The Cyprus Parliament recently voted to transpose the European Union (EU) Anti-Tax Avoidance Directive (ATAD) exit taxation and hybrid mismatch rules. These provisions, which became law following publication in the Cyprus Gazette, are effective as of January 1, 2020 (except for certain reverse hybrid mismatch provisions that will become effective in 2022). This latest development completes Cyprus’ transposition of both ATAD I and ATAD II, which the EU adopted in 2016 and 2017, respectively.
This second Cyprus ATAD transposition law completes Cyprus’ compliance obligations toward the ‘post-BEPS’ international tax environment’s EU tax initiatives.
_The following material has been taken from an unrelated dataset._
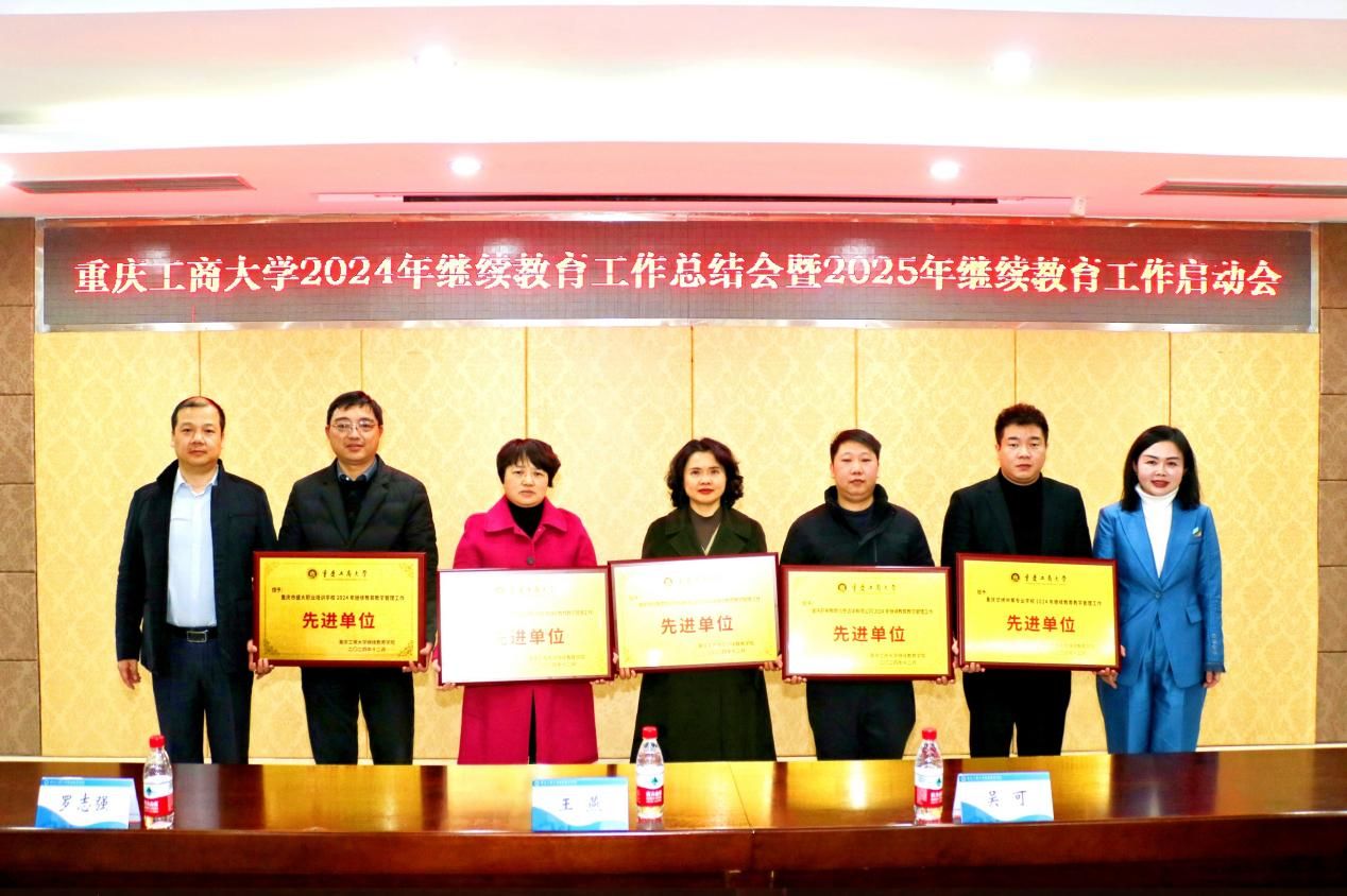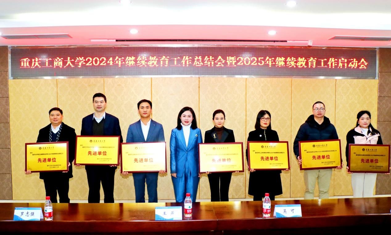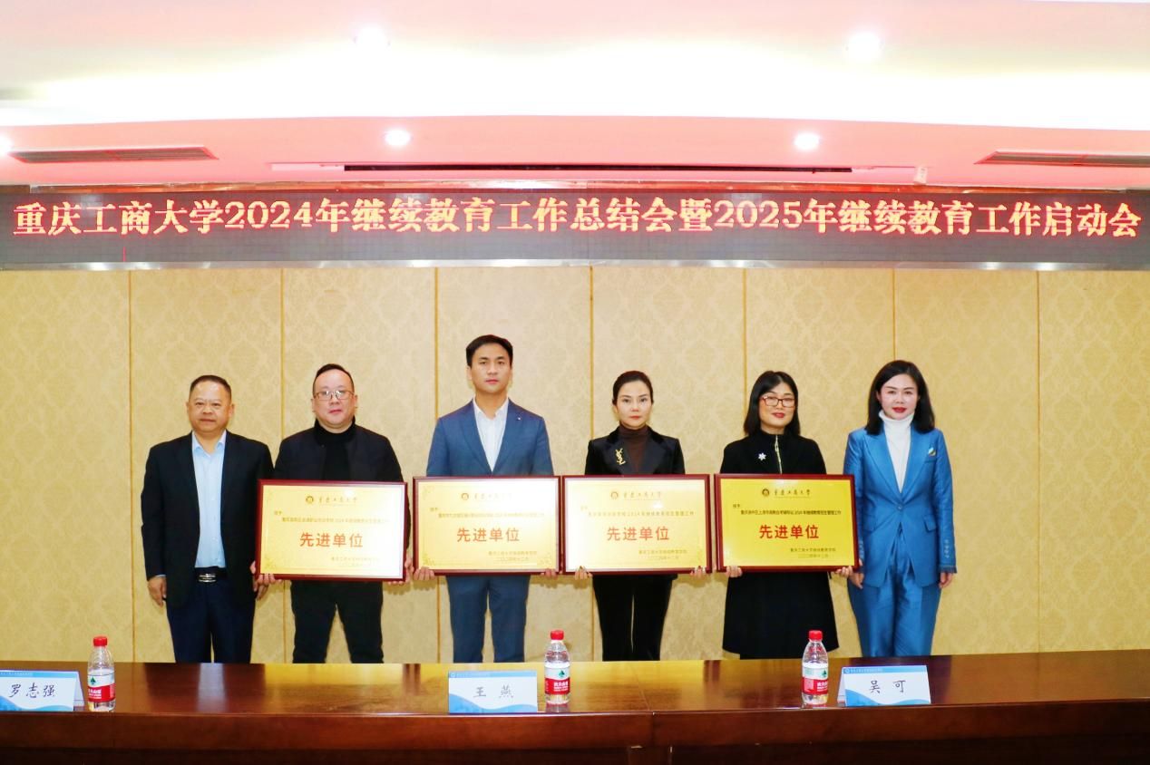 培训中心主任张译丹宣读继续教育先进集体表彰文件,重庆渝中区上清寺高教自考辅导站等4个单位获得招生管理先进单位,重庆华绣中等专业学校等5个单位获得教学管理先进单位,重庆高新区会通职业培训学校等7个单位获得综合管理先进单位,院长王燕、学历部副部长罗志强、工会主席陈之举分别为获奖单位颁奖。
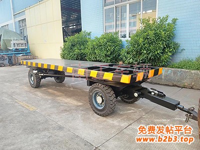 8吨双牵引同轨迹联动平板拖车南工车辆长期非标订制,采用实心轮胎,免维护,几台平板拖车连续牵引行走,平板拖车从0.5吨到120吨位都可订制。

The first Cyprus ATAD transposition law (including interest limitation, controlled foreign companies (CFCs), and the General Anti-Abuse Rule (GAAR)) has been effective in Cyprus since January 1, 2019.
The CTA is expected to issue clarifying interpretive circulars in the coming months in order to provide more specific guidance on this transposition law.
The new hybrid mismatch rules represent a large expansion of Cyprus’ rules in the hybridity area. Previous hybrid mismatch rules in Cyprus were limited to taxing dividends that are tax deductible in the dividend payor’s jurisdiction. Taxpayers should assess whether their arrangements will be impacted, as the new rules have a much wider scope..
However, the exit taxation provisions are limited in scope to the specific cases set out in the law, and even within these cases, the general Cyprus CIT rules may apply to exempt such transfers.